Honest question. Let's look at the evidence:
On the one hand, David Kan Ting appears to be a fan of Madame Chiang Kai-shek (Soong May-ling), whom he describes as, “the legendary Mei-ling Soong, wife of Generalissimo Chiang Kai-shek, who has been hailed as “the eternal first lady of China.” ✵
Soong May-ling herself was quite unequivocal on the matter of Tiananmen Square, describing the perpetrators as "dastardly Communist poltroons" and "demonic butchers" (The China Post, June 13, 1989 †).
So on the basis of this, I'd have to say, no, David Kan Ting of Taiwan's China Post DOES NOT take pleasure in innocent Chinese being mowed down by automatic machine gun fire.
But not so fast. You see, Soong May-ling is long dead-and-gone. And now, David Kan Ting has a new female hero. (A she-ro, if you will.) His latest idol de jour is Peng Liyuan, first lady ogress of China.
Peng Liyuan's reaction to Tiananmen Square could not possibly have been more different from Madame Chiang's. Whereas Soong May-ling seized the moment to denounce the Communist authors of this hideous crime, Peng Liyuan chose to laugh and clap and dance and sing at the deaths of thousands of Chinese at the hands of the People's "Liberation" Army.
(Peng Liyuan, entertaining PLA troops after the Tiananmen Massacre. Unlike Elvis, she don't look "all shook up". Thousands of Chinese murdered? Time to par-tay!
Image from the International Business Times)
So we come once more back to the original question: Does David Kan Ting of Taiwan's China Post take pleasure in innocent Chinese being mowed down by automatic machine gun fire?
Given Dave's rather eclectic choice of heroes, the best that can be said is that the answer is…inconclusive.

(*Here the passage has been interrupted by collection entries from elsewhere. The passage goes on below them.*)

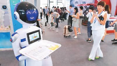 中國-東盟博覽會上的機器人服務員。新華社發(fā)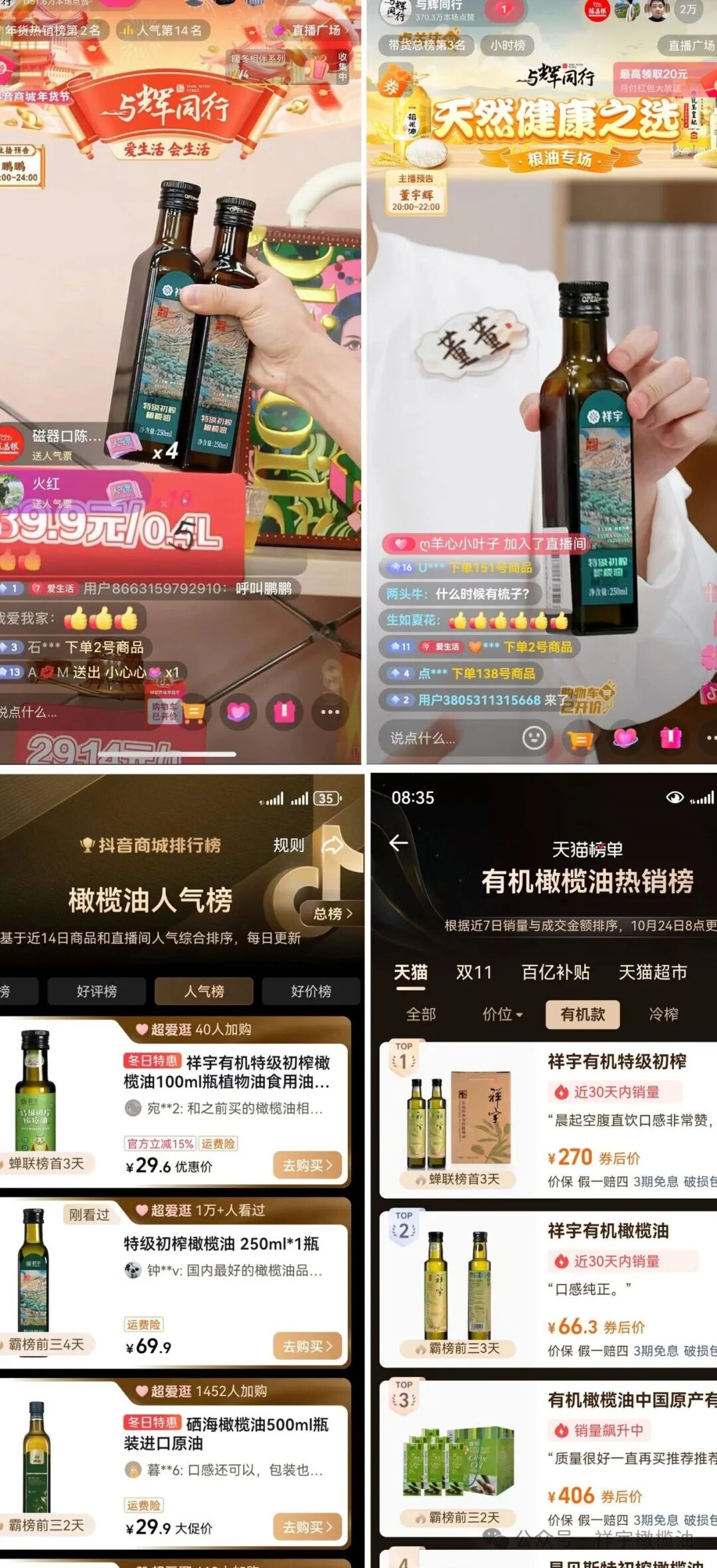 天貓、抖音有機橄欖油類目銷量第一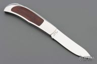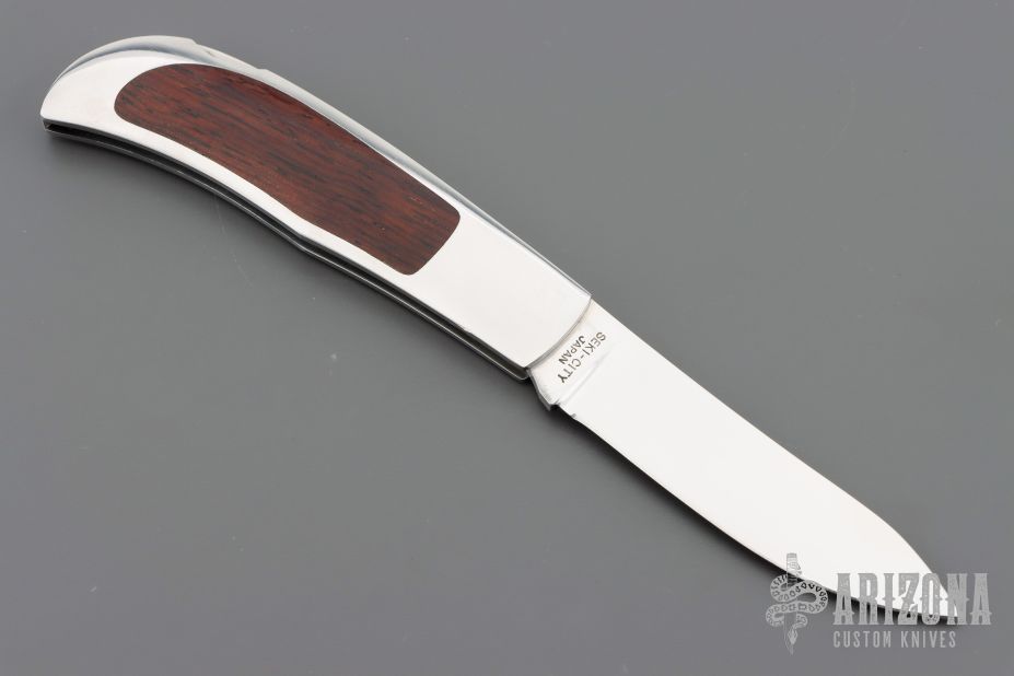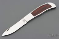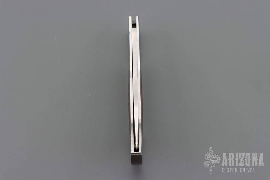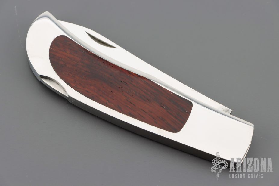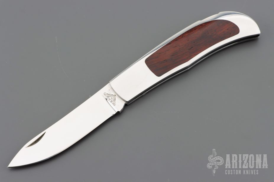 This Herron Design Interframe Lockback by Paragon features a mirror polished blade with nail nick. The handle has a mirror polished stainless steel frame with cocobolo inlays, stainless steel backspacer. Has a few light scratches, otherwise excellent condition.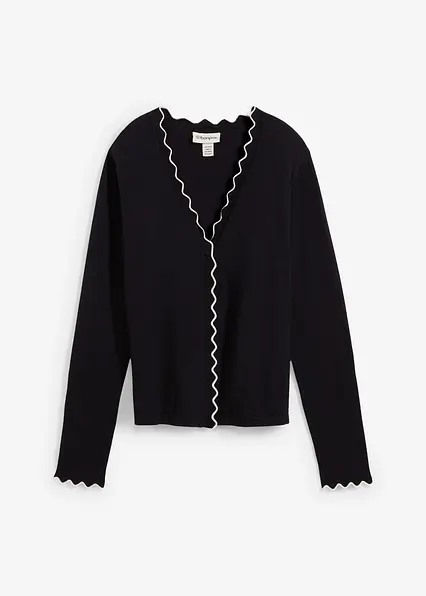 schöne Feinstrickjacke mit Seidenanteil und schmückender Wellenkante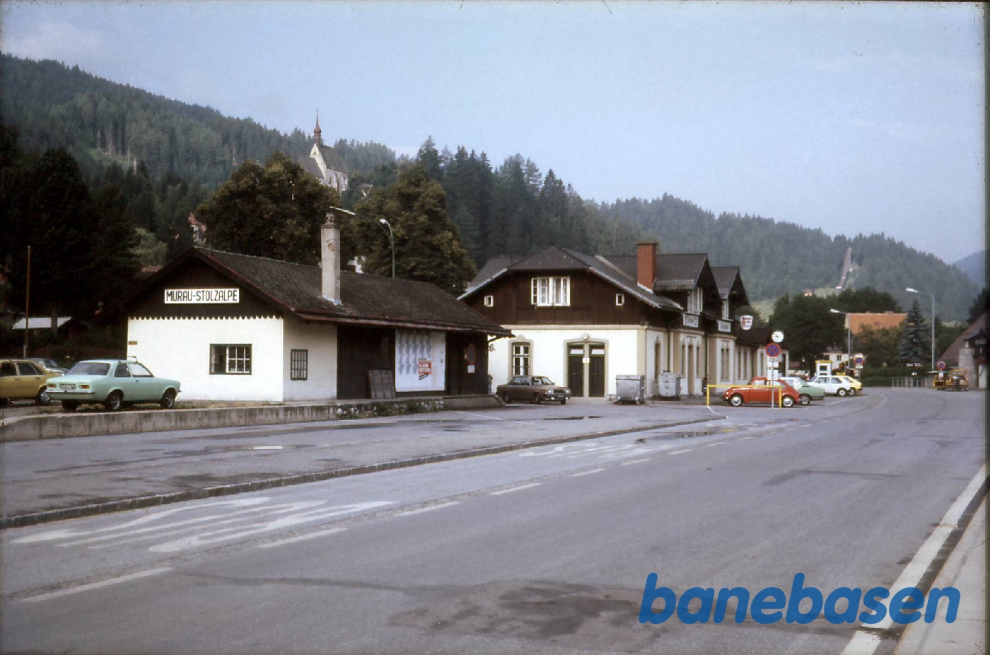 Østrig - Smalsporsbaner. Murau station set fra gaden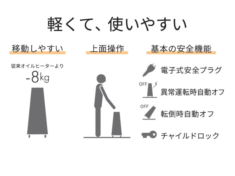 主な安全機能 | 電子式安全プラグ / 異常運転感知 / 転倒時自動オフ / チャイルドロック | |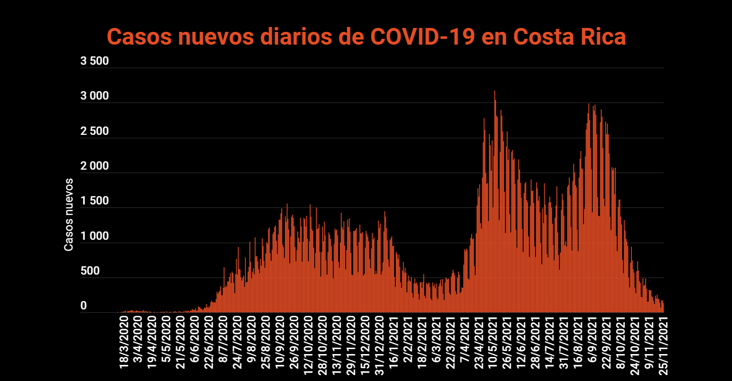 El Ministerio de Salud de Costa Rica confirmó este 25 de noviembre 133 nuevos casos de COVID-19 en el país, con lo cual la cifra total de casos se eleva a 566.429. Respecto al día de ayer, la variación de los casos confirmados fue del 0.02%.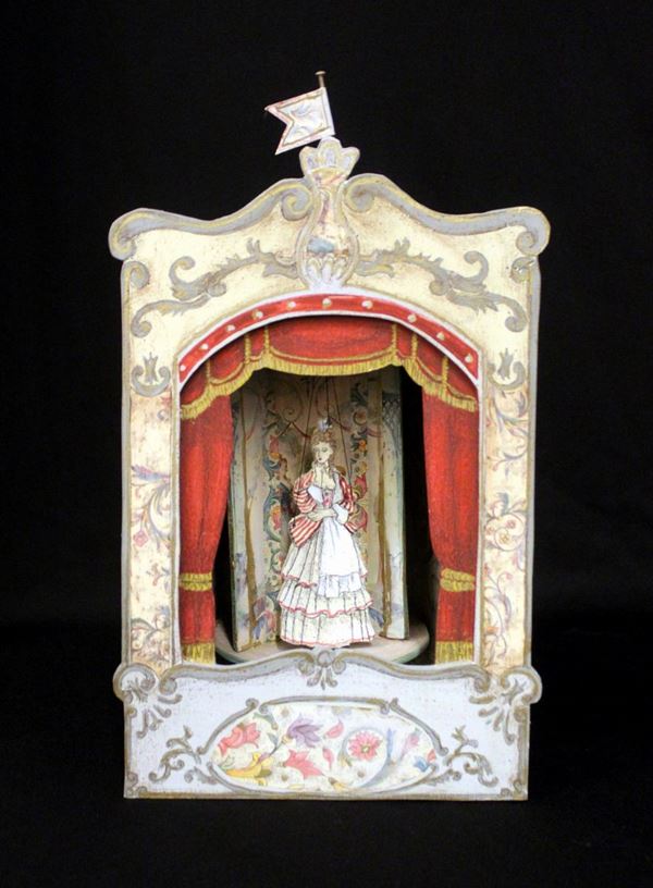 in legno laccato e rivestito in carta, realizzato a teatro dell’arte, alt. cm 36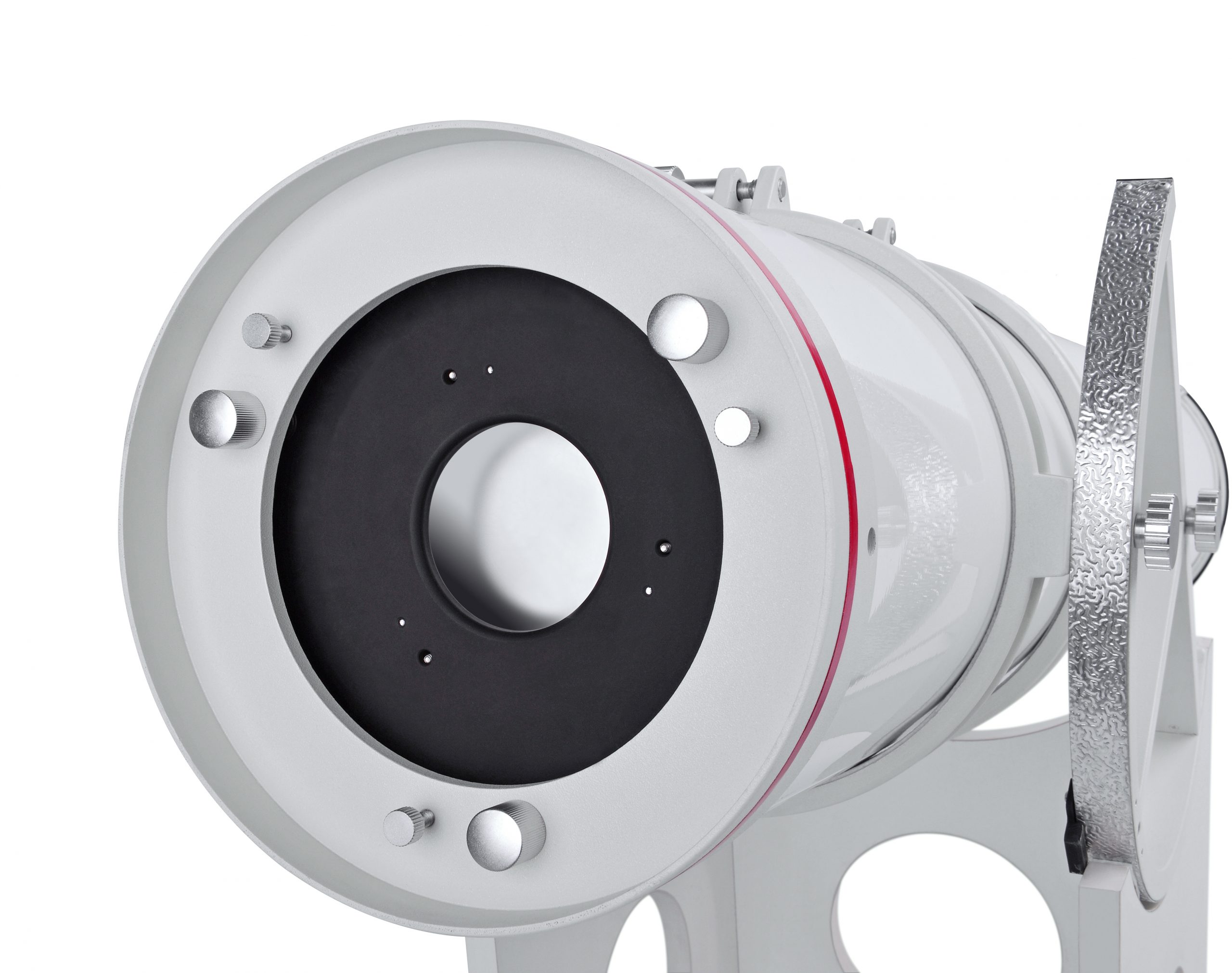 Esta es otra virtud de este versátil telescopio: usted puede quitar las ruedas de altura de los anillos del tubo, adjuntar unas colas de milano y utilizar el tubo óptico sobre una montura ecuatorial para astrofotografía – en cuestión de minutos. El enfoque maneja incluso pesadas cámaras inclinables y de desplazamiento libre. ¿Es usted muy exigente con la nitidez de su imagen? No hay problema – con el engranaje de reducción 10:1 opcional, conseguir imagenes nítidas es muy fácil. Si se tiene en cuenta, que el mecanismo de enfoque es la parte del telescopio que se utiliza con mayor frecuencia, usted reconocerá el salto cualitativo que el Hexafoc representa en comparación con otros telescopios dentro de este rango de precios.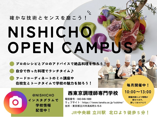 西調のオープンキャンパスは在校生と一緒の調理実習や施設見学、個別相談など盛りだくさんの内容。自分で作った料理を試食!友達やご家族との参加もOK わからない事は何でも聞いてね!料理に興味がある人、調理が好きな人、一度オープンキャンパスに参加してみよう!
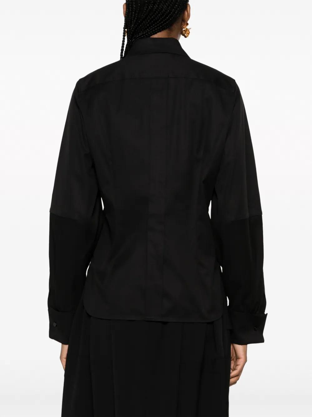 black stretch-cotton classic collar concealed front fastening long sleeves buttoned cuffs fitted waistline straight hem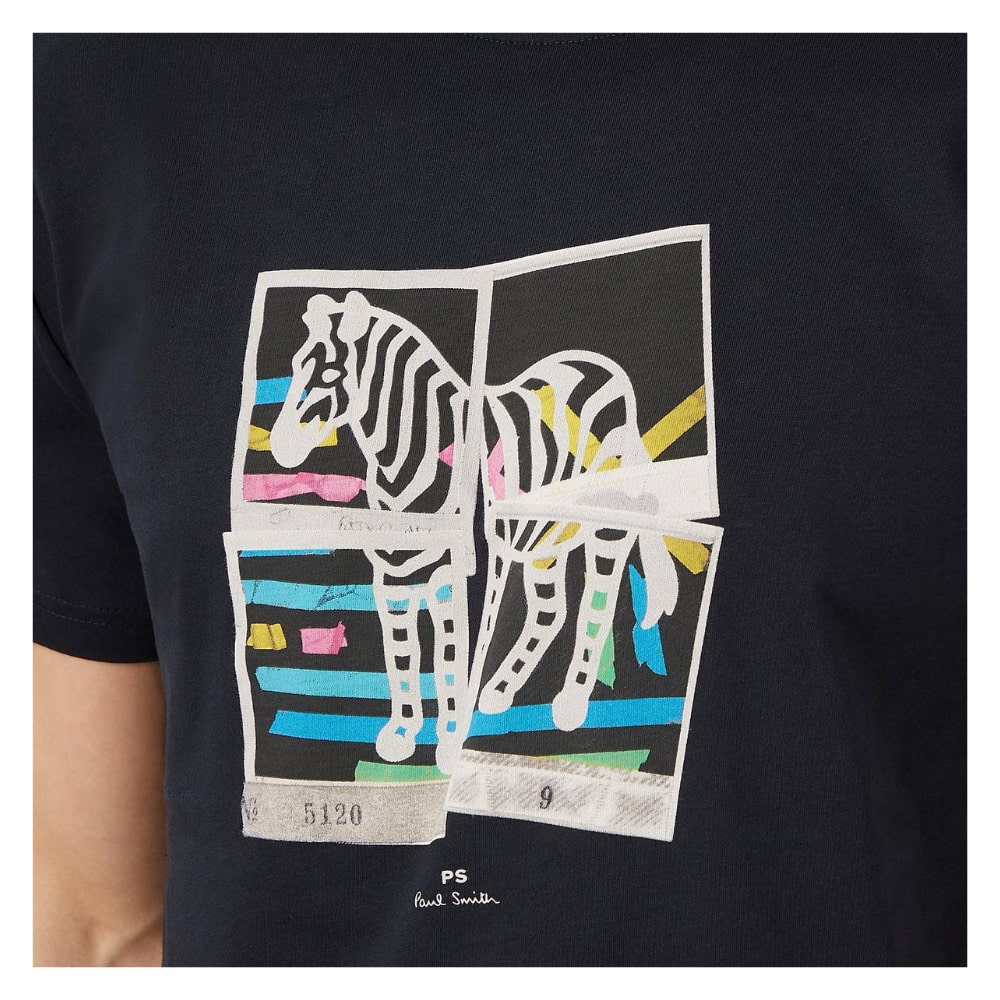 This Paul Smith Zebra Photo Navy Crew Neck T-Shirt motif takes centre stage on this t-shirt with its split photographic design. Its cotton fabric is cut to a regular fit, framed with short sleeves for warmer days and is outlined with a crew neckline.

✵ Contra to Ting, Madame Chiang Kai-shek has ALSO been hailed by Taiwan's democratic opposition as, "the most evil woman to wield any kind of power during that bleak 100 years [ie: the 20th Century] and that her influence on almost anything she touched was corrupting and malign."
But I digress. My goal here is not to investigate Soong May-ling's place in history, but to ascertain her attitude concerning the Tiananmen Massacre.
† Since the China Post does not have online archives extending as far back as 1989, this is a second-hand quote by Soong May-ling, from a source whose reliability is suspect (to say the very least!)
Nevertheless, the quotes are in keeping with another (more reliable) second-hand source, so I therefore regard them as authentic.